EXCERPTED DATA
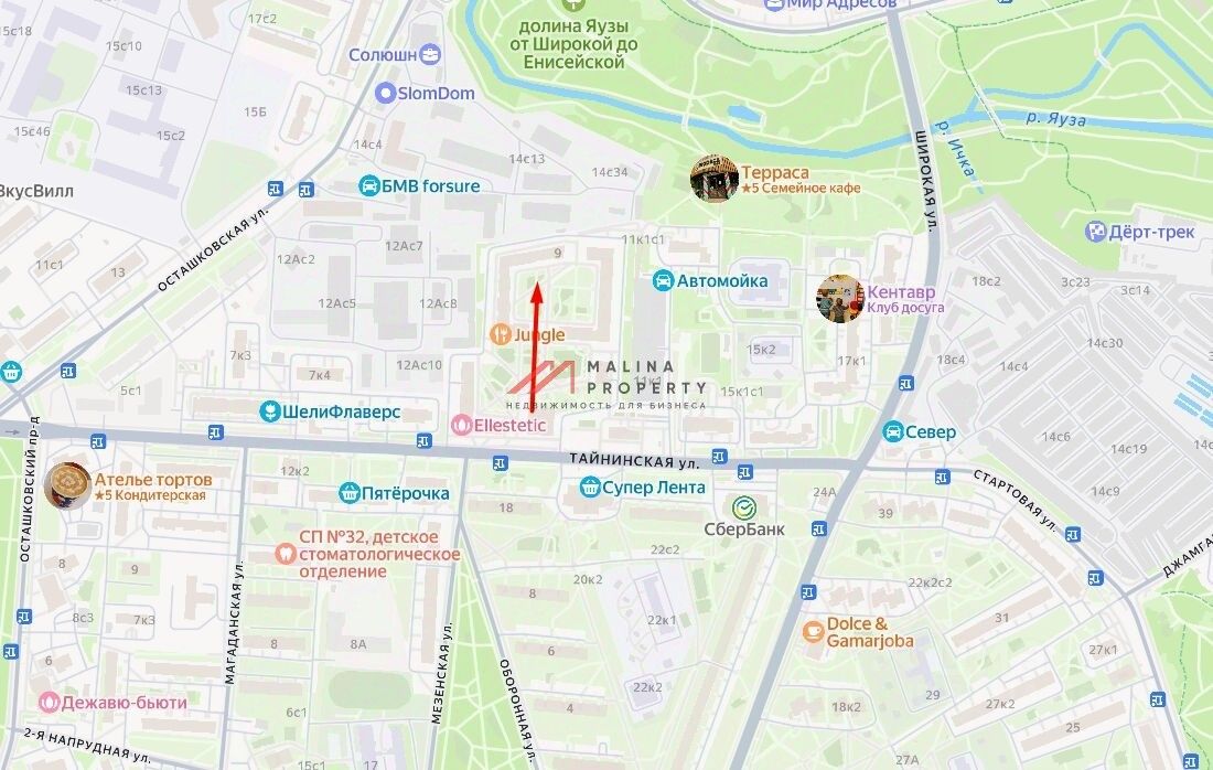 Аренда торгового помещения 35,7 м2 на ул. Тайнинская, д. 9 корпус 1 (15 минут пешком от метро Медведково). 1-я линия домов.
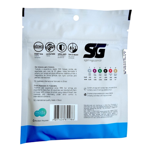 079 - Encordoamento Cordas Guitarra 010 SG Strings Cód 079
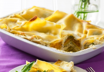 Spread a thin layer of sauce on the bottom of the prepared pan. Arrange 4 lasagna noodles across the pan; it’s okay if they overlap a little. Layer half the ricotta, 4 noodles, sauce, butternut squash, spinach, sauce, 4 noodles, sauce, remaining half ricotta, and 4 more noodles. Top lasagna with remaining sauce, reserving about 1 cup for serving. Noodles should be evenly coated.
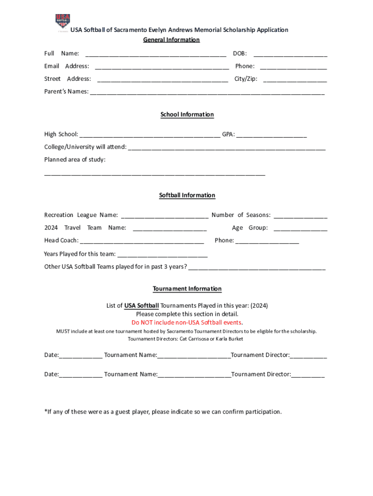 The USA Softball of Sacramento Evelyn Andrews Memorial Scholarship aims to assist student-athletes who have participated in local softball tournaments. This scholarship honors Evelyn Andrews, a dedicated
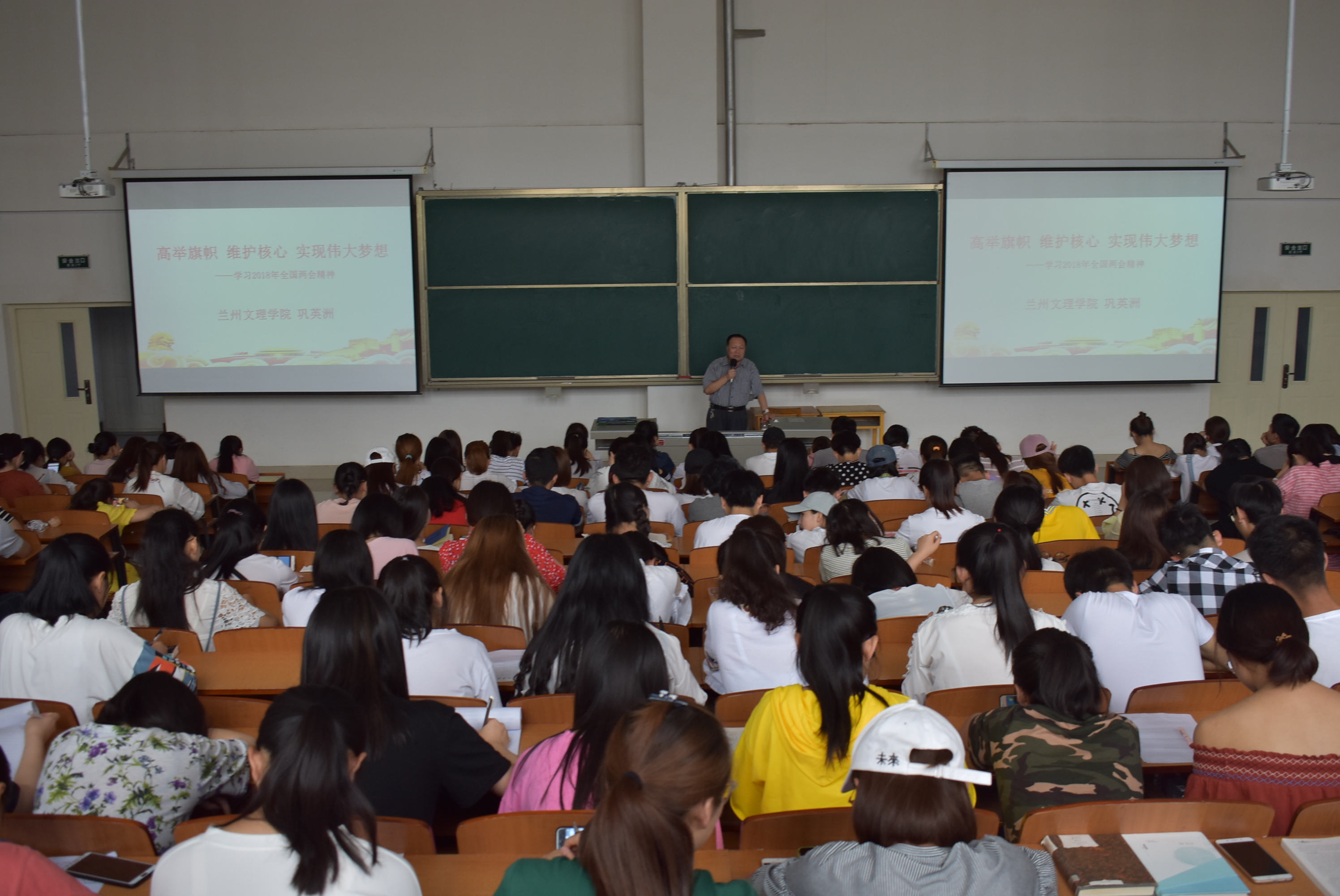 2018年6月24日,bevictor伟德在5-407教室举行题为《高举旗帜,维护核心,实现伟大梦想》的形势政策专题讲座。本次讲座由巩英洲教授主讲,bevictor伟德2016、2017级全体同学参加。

TASK INSTRUCTIONS
Give again, word for word, only the lines from the one with "The USA Softball" through the last line of the entries, both included; no pictures go in the copy.

WORKED SOLUTION
 The USA Softball of Sacramento Evelyn Andrews Memorial Scholarship aims to assist student-athletes who have participated in local softball tournaments. This scholarship honors Evelyn Andrews, a dedicated
 2018年6月24日,bevictor伟德在5-407教室举行题为《高举旗帜,维护核心,实现伟大梦想》的形势政策专题讲座。本次讲座由巩英洲教授主讲,bevictor伟德2016、2017级全体同学参加。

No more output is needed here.